__THE TASK__. In the data below, set down exactly the lines from the one containing "1. Colocándose detrás" up to and including the one containing "[Star] Promo Anyostore". Leave the pictures out.

__STORED DATA__.
--

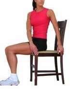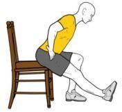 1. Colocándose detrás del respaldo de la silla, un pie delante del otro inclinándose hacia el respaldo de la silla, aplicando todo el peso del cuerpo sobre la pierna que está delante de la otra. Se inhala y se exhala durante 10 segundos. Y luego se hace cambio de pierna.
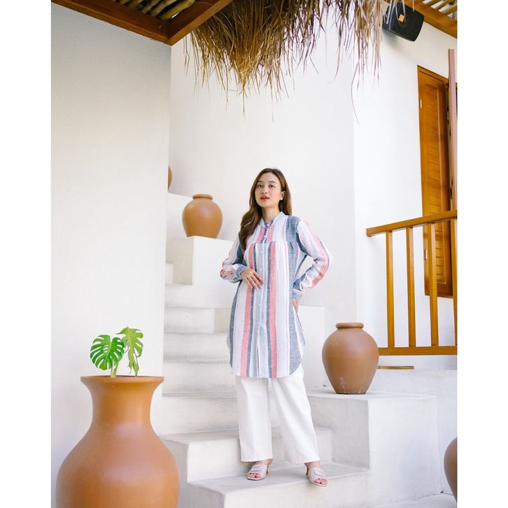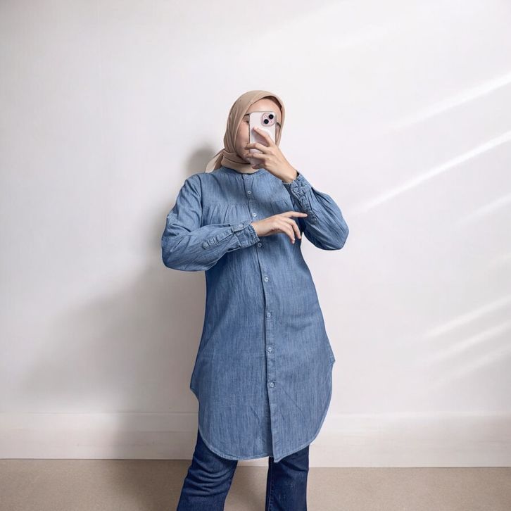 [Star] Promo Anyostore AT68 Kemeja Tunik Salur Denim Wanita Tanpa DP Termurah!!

--

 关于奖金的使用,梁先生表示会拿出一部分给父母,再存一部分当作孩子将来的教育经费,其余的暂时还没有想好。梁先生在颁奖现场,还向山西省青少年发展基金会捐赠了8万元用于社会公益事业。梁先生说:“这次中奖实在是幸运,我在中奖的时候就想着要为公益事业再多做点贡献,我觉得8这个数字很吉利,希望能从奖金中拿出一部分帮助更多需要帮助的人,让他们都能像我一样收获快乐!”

--

__OUTPUT OF THE EXERCISE__.
 1. Colocándose detrás del respaldo de la silla, un pie delante del otro inclinándose hacia el respaldo de la silla, aplicando todo el peso del cuerpo sobre la pierna que está delante de la otra. Se inhala y se exhala durante 10 segundos. Y luego se hace cambio de pierna.
 [Star] Promo Anyostore AT68 Kemeja Tunik Salur Denim Wanita Tanpa DP Termurah!!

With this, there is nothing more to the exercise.